X = population_data.drop('TPopulation1Jan', axis=1)  # Independent variables
y = population_data['TPopulation1Jan']  # Dependent variable


arima_order = (1, 1, 1)  # Example ARIMA order (p, d, q)
arima_model = ARIMA(y, order=arima_order, exog=X)
arima_model_fit = arima_model.fit()

#Generate future time points
future_time_points = pd.date_range(start='2030-01-01', end='2035-01-01', freq='Y')


# Assuming you have the corresponding independent variables for the future time points in 
# all the independent variables with the exception of Time that has been converted in index  
#'LocID','Time','PopDensity','PopSexRatio','MedianAgePop','PopGrowthRate','DoublingTime','MAC','SRB','CDR','NetMigrations'
X_future_data = {
    'feature_2030': [0,0,0,0,0,0,0,0,0,0],  
    'feature_2031': [0,0,0,0,0,0,0,0,0,0],  
    'feature_2032': [0,0,0,0,0,0,0,0,0,0],
    'feature_2033': [0,0,0,0,0,0,0,0,0,0],
    'feature_2034': [0,0,0,0,0,0,0,0,0,0],
    'feature_2035': [0,0,0,0,0,0,0,0,0,0]
}    
        

# # Make predictions for the future using the ARIMA model
y_future_pred = arima_model_fit.forecast(steps=len(future_time_points), exog=X_future_data ).values

print(y_future_pred)



  self._init_dates(dates, freq)
  self._init_dates(dates, freq)
  self._init_dates(dates, freq)
  self._init_dates(dates, freq)
  self._init_dates(dates, freq)
  self._init_dates(dates, freq)
  return get_prediction_index(


ValueError: Provided exogenous values are not of the appropriate shape.
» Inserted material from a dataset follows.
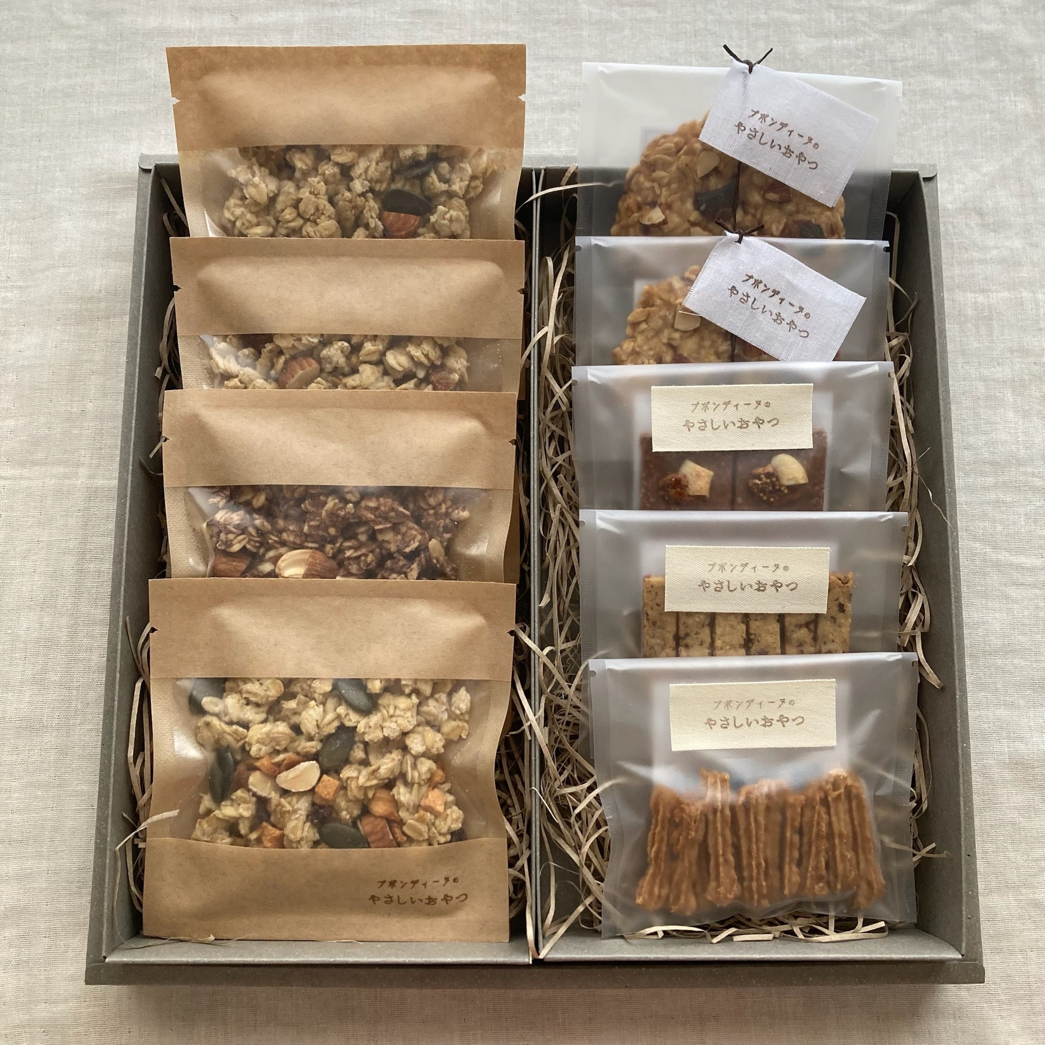 【原材料名】:栽培期間中農薬不使用米粉(米(京都産))、有機オートミール(アメリカ産)、有機アーモンドプードル(アメリカ産)、有機片栗粉(北海道産)、有機ココナッツオイル(フィリピン産)、菜種油(農薬不使用菜種(熊本県産))、有機白ごま(鳥取県産)、自然海塩(長崎県五島列島)、(一部にアーモンド、ごまを含む)

Required (5, 10), got ().

The previous program is Throwing error, because the values are not within the range of the the valid values

Resolving the issue of providing values for the indepenent variables

    Historical Averages: Calculate the historical averages for each independent variable and use these averages as constant values for the future time points. While this approach assumes that the future values will be similar to historical averages, it can serve as a simple baseline.

    Seasonal Decomposition: If your data exhibits seasonal patterns, you can use seasonal decomposition techniques to identify the seasonal component and then use this component to estimate future values. For example, you can use seasonal decomposition of time series (STL) or other decomposition methods to capture seasonal patterns and then extrapolate them into the future.

    Forecasting Models: Use forecasting models for each independent variable to predict their future values. For example, you can use autoregressive integrated moving average (ARIMA) models or other time series forecasting techniques to predict the future values of each feature. This approach takes into account the temporal dependencies in the data.

    Machine Learning: Train machine learning models to predict the independent variables based on historical data. Depending on the nature of your data, you can use regression models or time series forecasting algorithms to make predictions for the future time points.

    Domain Expertise: If you have domain knowledge or access to subject matter experts, you can consult them to make reasonable assumptions about the future values of the independent variables based on their expertise.